# Freeway



## carolsclan (Jun 28, 2006)

:lol: Remember I caught the bugger and he escaped ?????

Well last night he was curled up the spareroom bed with one of the ex ferals and this morning had sprayed all over my kitchen .... so when I saw him this evening prowling about in the garden I told him to kiss his manhood goodbye and as soon as he comes inside for dinner im going to nab him :lol: :lol: :lol: 

We rigged the window of the spareroom ..... firmly latched and cable strapped the rest and as he came in .. pulled the window closed and shut the door .

So now he can sit there and contemplate life until next week then its off to the vet for the big snip.

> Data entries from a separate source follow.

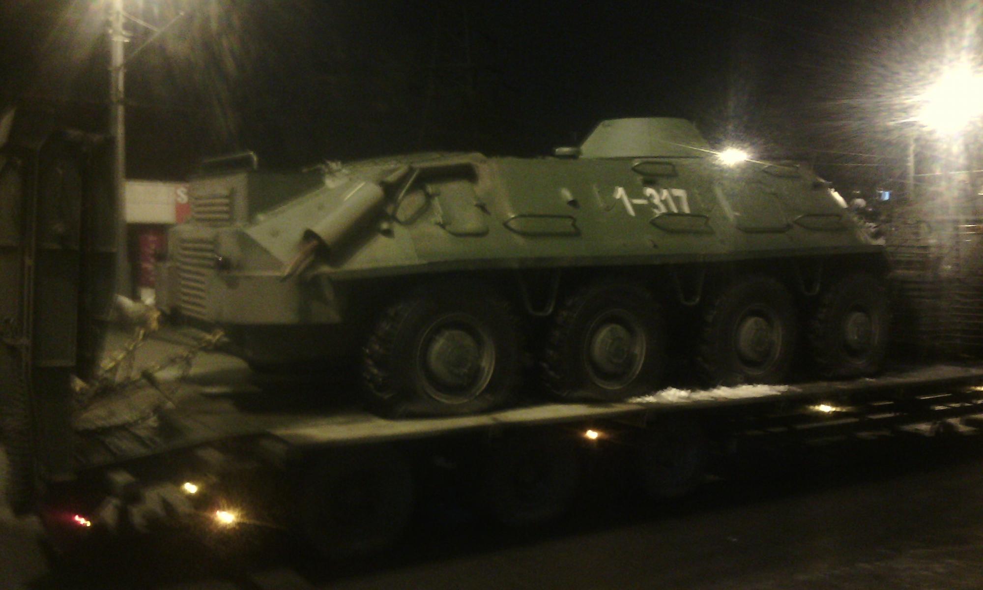11 февраля около 22:15 возле харьковского автовокзала на проспекте Гагарина произошла авария с участием маршрутного такси и тягача с военной техникой. По словам очевидцев, водитель автобуса на повороте не заметил машину военных и допустил столкновение.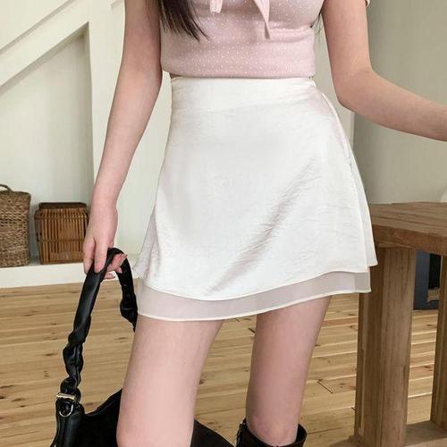 [옷자락]여자 봄 여름 간절기 쉬폰 새틴 레이어드 스커트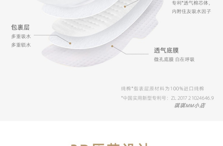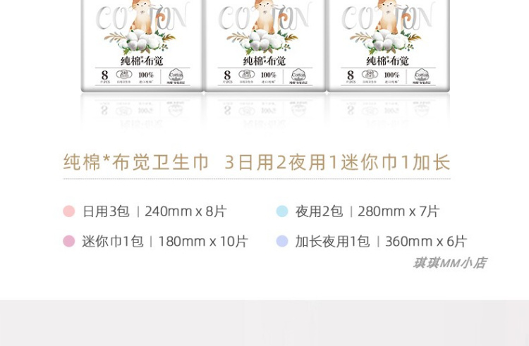 【凸凸棉】纯棉布觉卫生巾女超薄透气姨妈巾6片360mmAB3606-1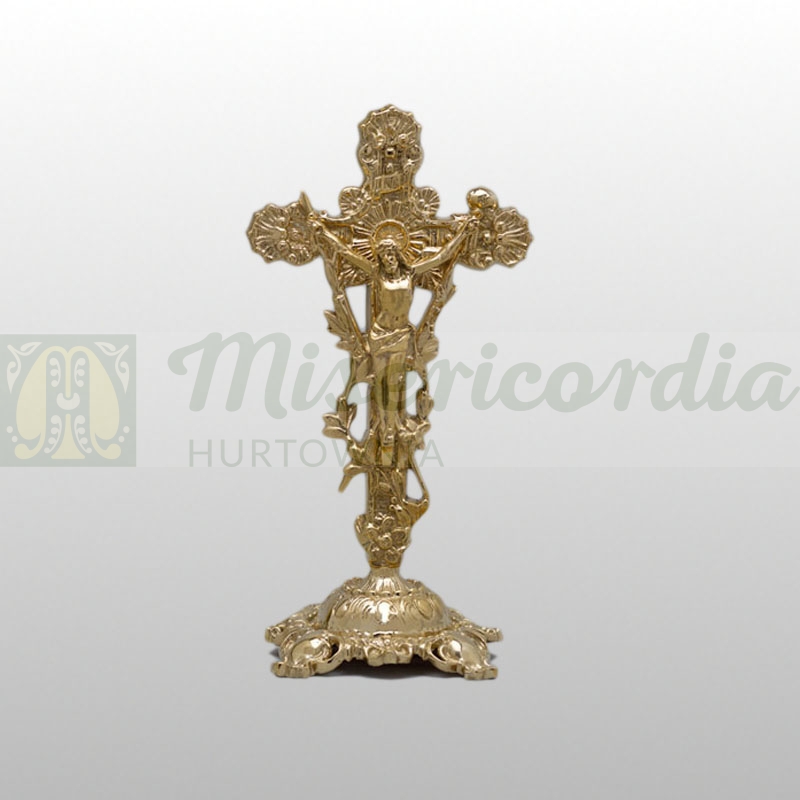 Krzyż mosiężny, stojący.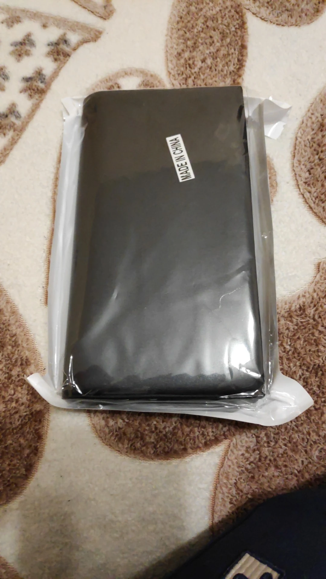 Посылка пришла за 60 дней. Материал - кожзам, но он качественный, крепкий. Заказываем у этой фирмы второй раз. Предыдущий кошелёк отходил 5 лет. Вполне достаточно для его цены. В этой модели только 12 карманов для карточек. Возможно кому-то будет мало. Банкноты помещаются полностью. Есть отдел для монет. Покупкой довольны.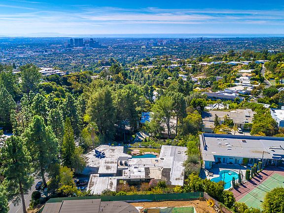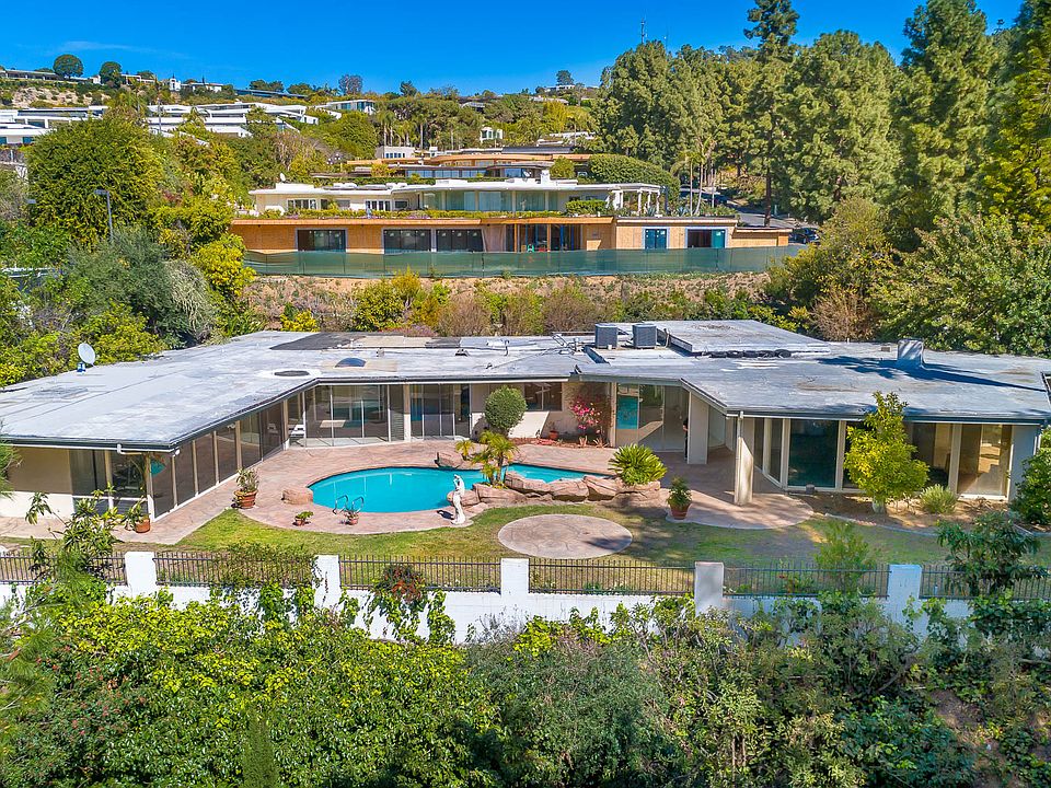 Prime Trousdale gated property on a premier corner lot with large motor court and very generous flat pad with complete privacy and views of city. One story home has open floor plan with great potential to do a light remodel. The grounds include a swimmers pool and expansive lawns and gardens. This home is a sought after mid century contemporary style, light, bright with incredible indoor- outdoor flow

He isnt feral tho .. he allowed me to sit on the bed next to him .... he is full of fleas and ticks but in fairly good condition otherwise ... he eats well at my house and of course he is fairly dirty .... but all that can be fixed ....

Once he is neutered ill keep him confined for a while and see if I can get him tamer .. and then he can do his own thing ..... all my cats accept him and its his colony so he wont go anywhere .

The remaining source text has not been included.